#### Work task
Line by line, set down all the data below exactly, omitting any picture.
** Given data follows **
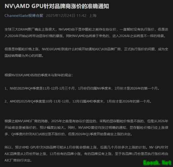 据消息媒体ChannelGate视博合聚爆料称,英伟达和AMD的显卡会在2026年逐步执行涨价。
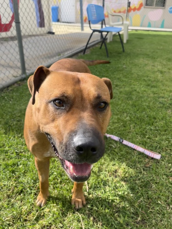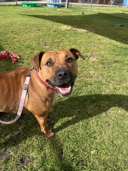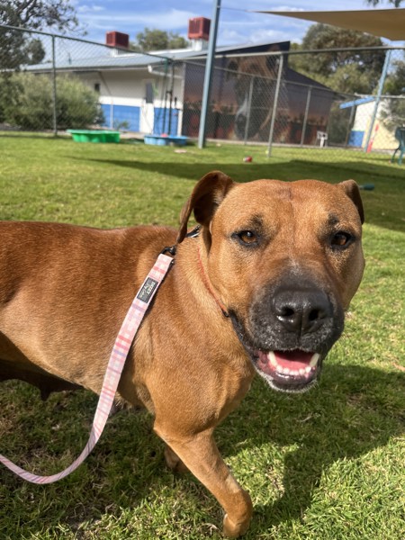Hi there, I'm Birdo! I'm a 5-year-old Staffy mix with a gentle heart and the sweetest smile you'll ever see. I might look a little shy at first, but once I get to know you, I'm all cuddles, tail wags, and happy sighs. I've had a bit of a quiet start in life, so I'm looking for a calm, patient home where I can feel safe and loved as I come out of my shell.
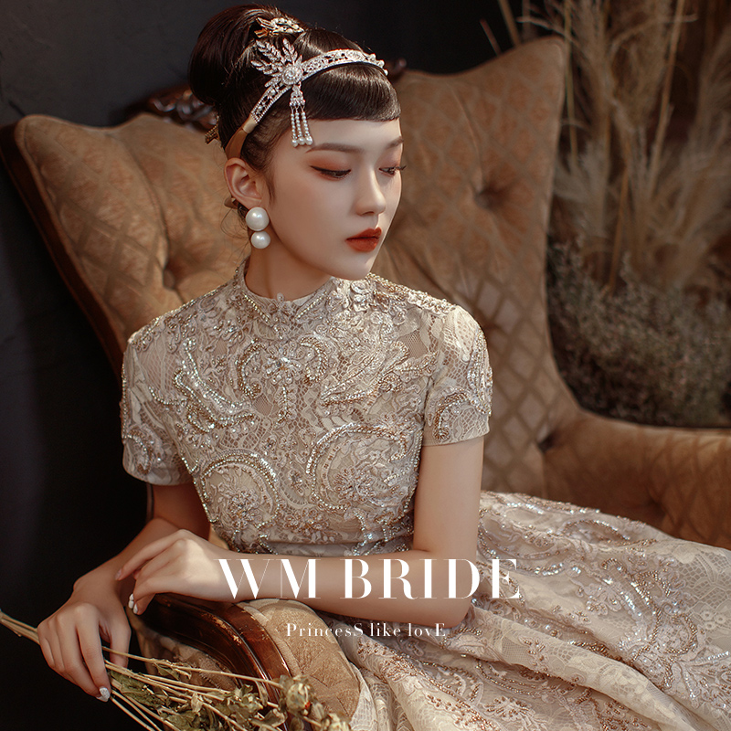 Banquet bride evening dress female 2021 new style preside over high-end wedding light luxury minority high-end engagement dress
** End of Given data **
#### Answer to this problem
 据消息媒体ChannelGate视博合聚爆料称,英伟达和AMD的显卡会在2026年逐步执行涨价。
Hi there, I'm Birdo! I'm a 5-year-old Staffy mix with a gentle heart and the sweetest smile you'll ever see. I might look a little shy at first, but once I get to know you, I'm all cuddles, tail wags, and happy sighs. I've had a bit of a quiet start in life, so I'm looking for a calm, patient home where I can feel safe and loved as I come out of my shell.
 Banquet bride evening dress female 2021 new style preside over high-end wedding light luxury minority high-end engagement dress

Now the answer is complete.